Some people like strong cars, I like powerful computers. Since I got on the internet in 1994 or so, this reads powerful servers. My last workstation oriented powerful computer was Pentium 200 in 1996 and it soon landed in the role of a server, with 4x 25GB drives in 1999. Btw, it still works perfectly ;)

Since home server is mostly limited by budget, one looks at price/performance factor. And since I have all the storage management (raid/lvm) expirience, I spent some time putting together a data-reliable machine, that serves the usual music/movies entertainment stuf, runs a samba share for few windoze boxen to share their data and a few NFS and AoE exports for my desktop. Since my desktop is diskless (actualy has no moving parts), it is very dependant on latency and io throughput the server offers it.

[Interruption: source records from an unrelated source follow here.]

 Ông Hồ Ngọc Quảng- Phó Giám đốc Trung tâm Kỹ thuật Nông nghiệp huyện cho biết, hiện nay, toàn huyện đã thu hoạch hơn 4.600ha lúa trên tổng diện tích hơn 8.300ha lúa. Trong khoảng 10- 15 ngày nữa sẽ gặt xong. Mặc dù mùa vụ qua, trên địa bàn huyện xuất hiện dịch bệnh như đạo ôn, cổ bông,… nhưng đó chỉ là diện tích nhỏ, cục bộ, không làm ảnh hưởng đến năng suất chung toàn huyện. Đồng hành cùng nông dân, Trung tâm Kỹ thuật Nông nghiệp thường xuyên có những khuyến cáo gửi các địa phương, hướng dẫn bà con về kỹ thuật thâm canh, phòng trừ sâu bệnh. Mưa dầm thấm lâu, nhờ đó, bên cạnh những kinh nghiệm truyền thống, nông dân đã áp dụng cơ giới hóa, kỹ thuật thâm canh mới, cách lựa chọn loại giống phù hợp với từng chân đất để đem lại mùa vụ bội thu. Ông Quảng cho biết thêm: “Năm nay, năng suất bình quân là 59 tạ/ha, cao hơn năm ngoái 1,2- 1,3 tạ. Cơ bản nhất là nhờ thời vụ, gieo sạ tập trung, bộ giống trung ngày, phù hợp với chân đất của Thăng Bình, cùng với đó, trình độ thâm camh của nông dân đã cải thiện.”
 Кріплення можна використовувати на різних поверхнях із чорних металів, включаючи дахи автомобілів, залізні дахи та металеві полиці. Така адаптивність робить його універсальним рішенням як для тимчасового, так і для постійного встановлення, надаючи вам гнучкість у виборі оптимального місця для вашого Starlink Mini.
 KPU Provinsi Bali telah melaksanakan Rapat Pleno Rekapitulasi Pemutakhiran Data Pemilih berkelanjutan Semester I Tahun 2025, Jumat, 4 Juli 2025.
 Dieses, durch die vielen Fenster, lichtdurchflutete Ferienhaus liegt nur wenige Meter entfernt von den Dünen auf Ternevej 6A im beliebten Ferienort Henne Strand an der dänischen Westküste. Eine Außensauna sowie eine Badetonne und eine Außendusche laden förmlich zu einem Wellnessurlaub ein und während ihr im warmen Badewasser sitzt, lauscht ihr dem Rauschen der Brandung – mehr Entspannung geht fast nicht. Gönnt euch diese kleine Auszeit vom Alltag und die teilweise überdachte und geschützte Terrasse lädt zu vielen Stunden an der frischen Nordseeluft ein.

For a few years now this role was handled by a HP tc2120 "server" I got cheaply second-hand. Pentium 4, 64bit pci bus, looks like a decent IO oriented pc. I hang a pair of ide disks on onboard ide, a few more on addon ide cards and a bunch of sata disks on LSI 1068. All disks were in mirrored pairs (same size, different manufacturer) and joined together in one volume group. Out of that I carved various logical volumes for various tasks. One such volume was used for torrent downloads.

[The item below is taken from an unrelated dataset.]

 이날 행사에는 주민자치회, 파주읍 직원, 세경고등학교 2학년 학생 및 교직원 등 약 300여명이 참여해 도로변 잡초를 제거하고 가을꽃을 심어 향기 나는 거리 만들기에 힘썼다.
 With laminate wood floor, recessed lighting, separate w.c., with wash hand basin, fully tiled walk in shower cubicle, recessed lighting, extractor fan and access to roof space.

And how was I satisfied with it? It was barely useful. Every time software mirrors were doing a resync, latencies grow beyond anything I would consider useable. Every time a torrent was active, the whole system lagged. IO to one volume killed IO on others. I tried many things, like decreasing raid resync speed (helped only a little and slowed down resync time to a week or so), changing schedulers (no observable change), readahead settings (marginally better on read-mostly nfs mounts). At the end I concluded that it must be the interactions of all the storage layers that create artificial relations among diffrerent disks that are standing in my way and greatly decreasing the overall system performance.

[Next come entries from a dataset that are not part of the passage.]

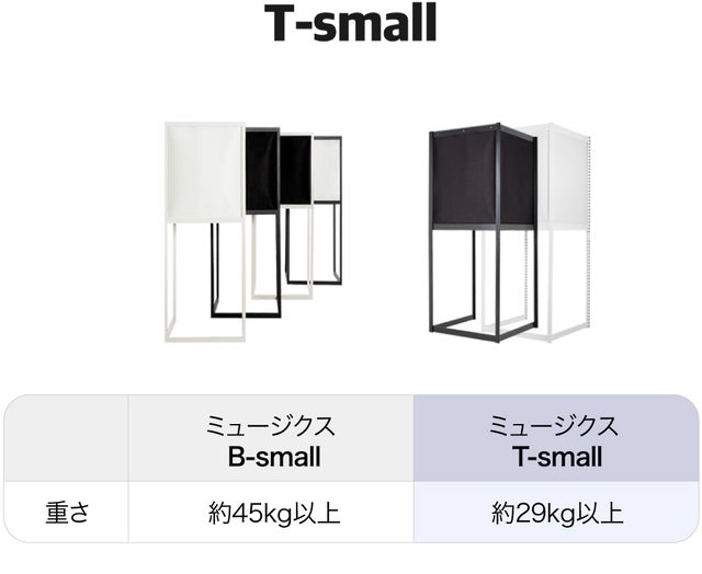 ミュージクス T-smallの空間の幅は従来のB-smallに比べ15%大きくなりました。
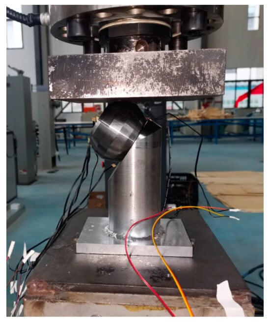 The mounted cone support structure is placed on the support platform. The position of the cone is adjusted so that the highest point on the cone is aligned with the center line of the loading system pressure plate, and the height is adjusted by the loading system so that the highest point of the cone is about 1 mm from the pressure plate. The channel of the signal acquisition system is cleared, and sampling is started. Then, the system is loaded at a speed of 10 kN/min (as shown in Figure 17) until the system is loaded to 100 kN and unloaded. Experimental data are recorded and displayed through the data acquisition system to complete the experiment. The experimental plan is shown in Table 4.
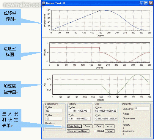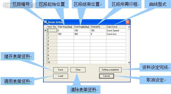 在軟件中我們可以清楚地利用圖形方式設(shè)定、修改電子凸輪曲線。當(dāng)我們點擊進入資料表單設(shè)定按鈕時會彈出下面的區(qū)段設(shè)置表。使用者需先設(shè)定Start Ang, End Ang, Stroke以及透過下拉式選單選取CAM curve(具有連續(xù)、正弦、勻加速等6種曲線,并可加入其它標(biāo)準(zhǔn)曲線和自定義曲線),在設(shè)定完成后按下Setting completed按鈕, 即可在主畫面繪制位移, 速度, 加速度坐標(biāo)圖7所示。
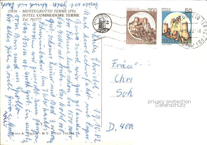 old postcard Montegrotto Terme Hotel Commodore Terme Schwimmbad Liegewiese postalisch gelaufen Erhaltung siehe scans
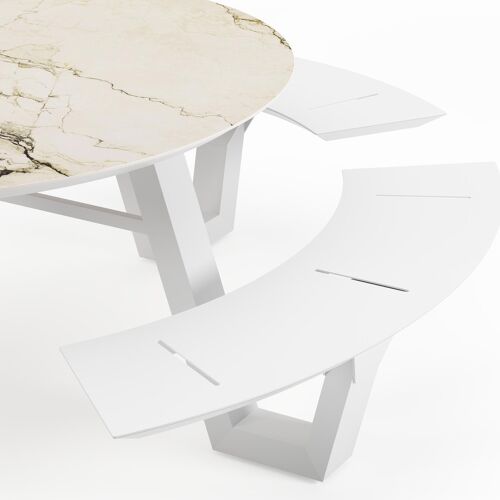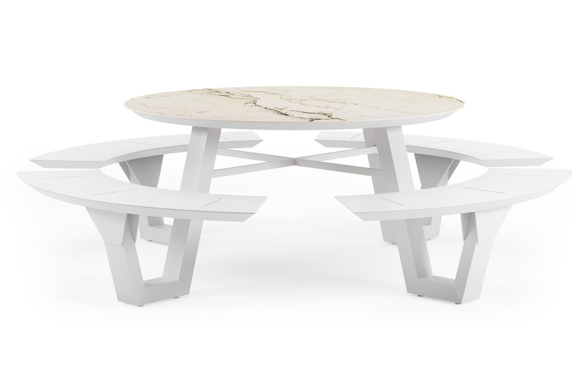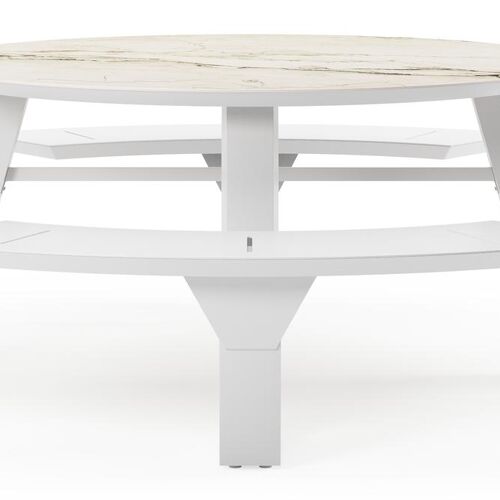 Rondino picknicktafel in wit aluminium en volkeramiek colorado dunes tafelblad - Dia. 148 x H 71.5 cm | Exterioo
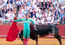 A diferencia de los del ciclo pasado que se mostraron colaboradores y nobles, los ‘villamartas’ de este año resultaron mansos y corretones. Con lo que ello supone para chavales sin más oficio que un montón de horas toreando de salón. De ahí que dieran al traste con las ilusiones de los seis jóvenes que a las nueve y media en punto de la noche del 11 de julio hicieron el paseíllo en La Maestranza y la abandonaron con las primeras horas del día siguiente. O lo que es lo mismo, ¡tras tres horas de festejo! Y eso que no hubo suerte de varas. Uceda Vargas y Solal Calmet ‘Solalito’ fueron los únicos con algo más de bagaje; por eso pudieron tocar pelo y pasearon un trofeo por el dorado albero maestrante.
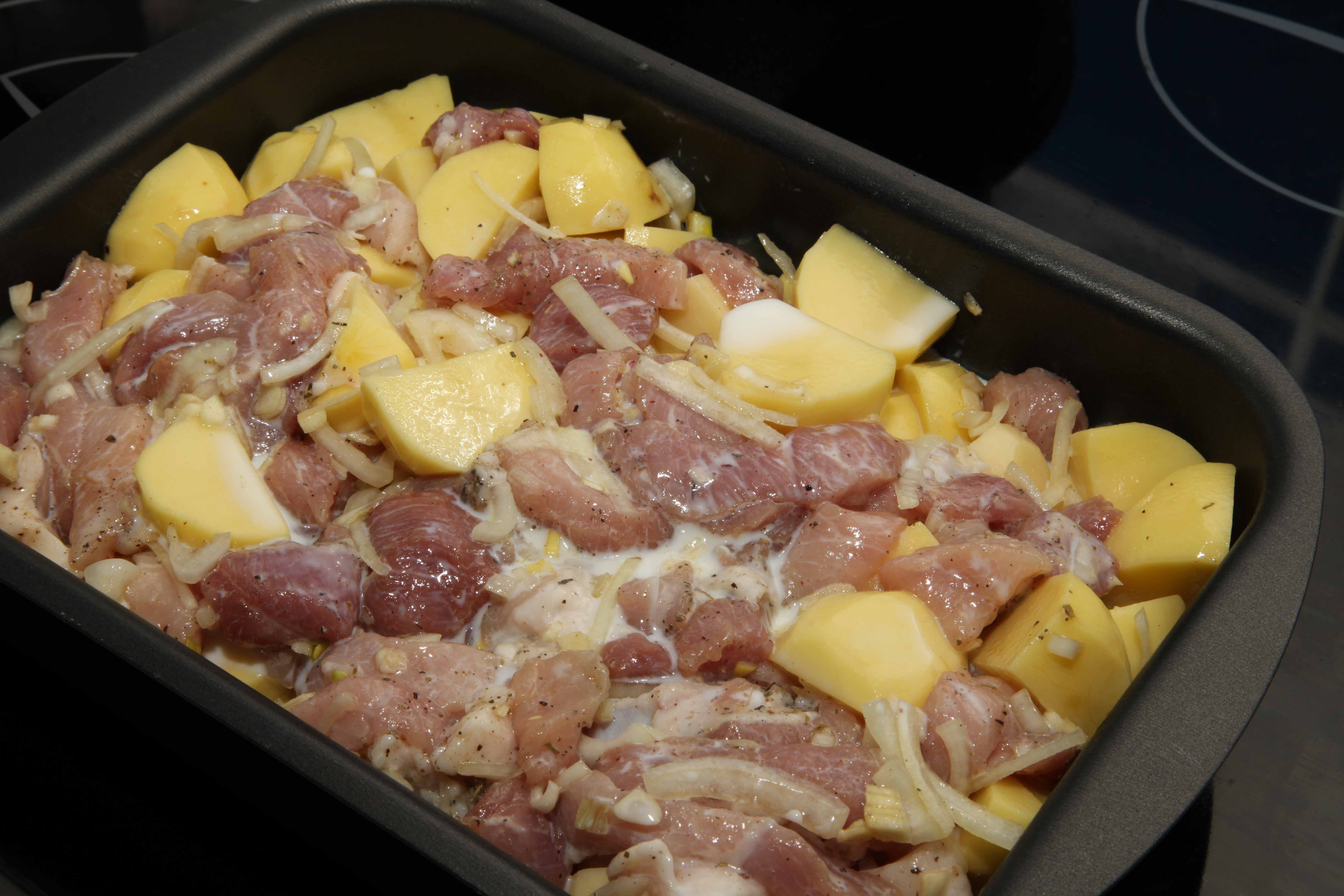Свинину порежьте небольшими кусочками, чуть толще чем будет нарезана картошка.
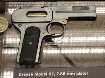 Keywords: Germany Dreyse Model 1907 pistol, 7.65 mm - National World War I Museum - Kansas City, MO - DSC07781.JPG Handgun exhibited in the National World War I Museum at the Liberty Memorial 100 W 26th Street Kansas City Missouri USA Photography was permitted in the museum without restriction Daderot 2011-11-01 15 30 46 Daderot Handguns in the National World War I Museum Dreyse pistols |
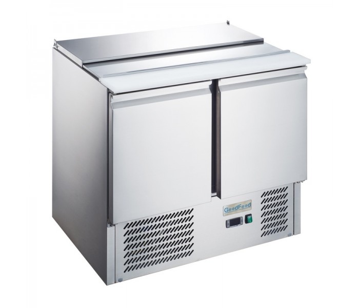 Саладетта GoodFood GF-S900-H6C — професійний холодильний стіл з верхом для гастроємностей, що охолоджується, призначений для зручного зберігання, демонстрації та швидкої підготовки салатів, закусок і гарнірів. Ідеально підходить для ліній роздачі та кухонь з інтенсивним робочим процесом.
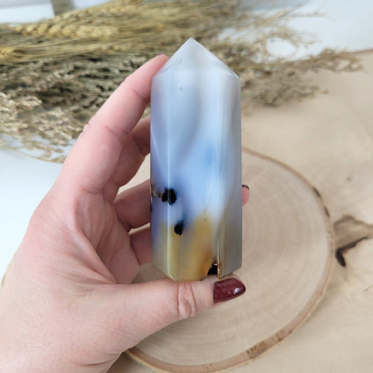 Dendriten Achat Turm 10,1 x 3,1 cm, 160g
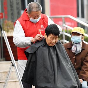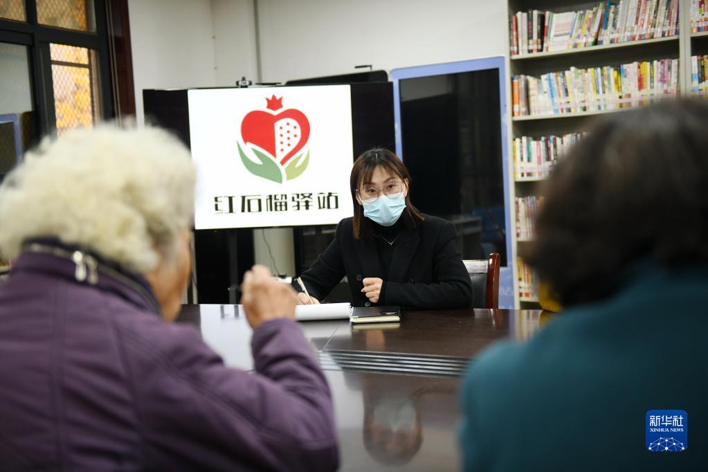 11月17日,西安市雁塔區電子城街道二〇五所社區黨支部書記于珍(中)在紅石榴驛站接待兩位社區居民,幫助解決她們的房屋供暖等問題。
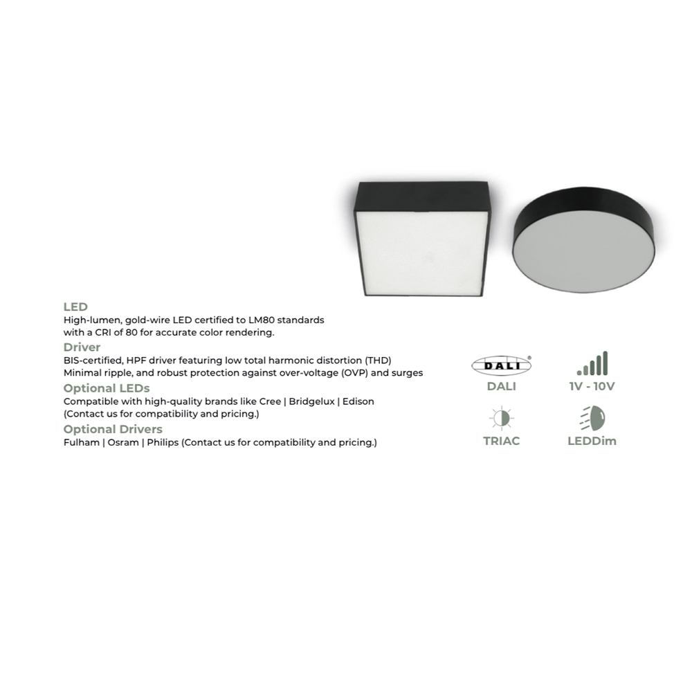 LEARC black finish 48 watt 12 inch square LED Ceiling Light Surface EP7131

Because I'm moving soon to a different house, I decided on setting up a less powerful server here and taking this "nice" HP box with me, configured differently, of course. I dug up an old slot1 Pentium 3 pc, put desktop gigabit nic and 3ware 6800 in it and stuffed it with disks. There's only one mirror now and 3ware takes care of it, all other disks are jbod, standalone, no lvm. Each disk has its own scheduler and readahead settings that depend on how it is used. Expirience: same throughput as HP "server", much better latencies, much better paralelism. Suprisingly this 12 years old pc is capable of sustained 50MB/s over ethernet to different disks, a number that I've only seen in bursts on HP "server".  Oh, and it also draws about half as much power as Pentium 4. And it serves you this page you're reading now.

 So much about "new and improved" technology. Complex setups are rarely better than simple setups. Cheap, fast, reliable: pick any two, you can't have all three. What more can I say? ;)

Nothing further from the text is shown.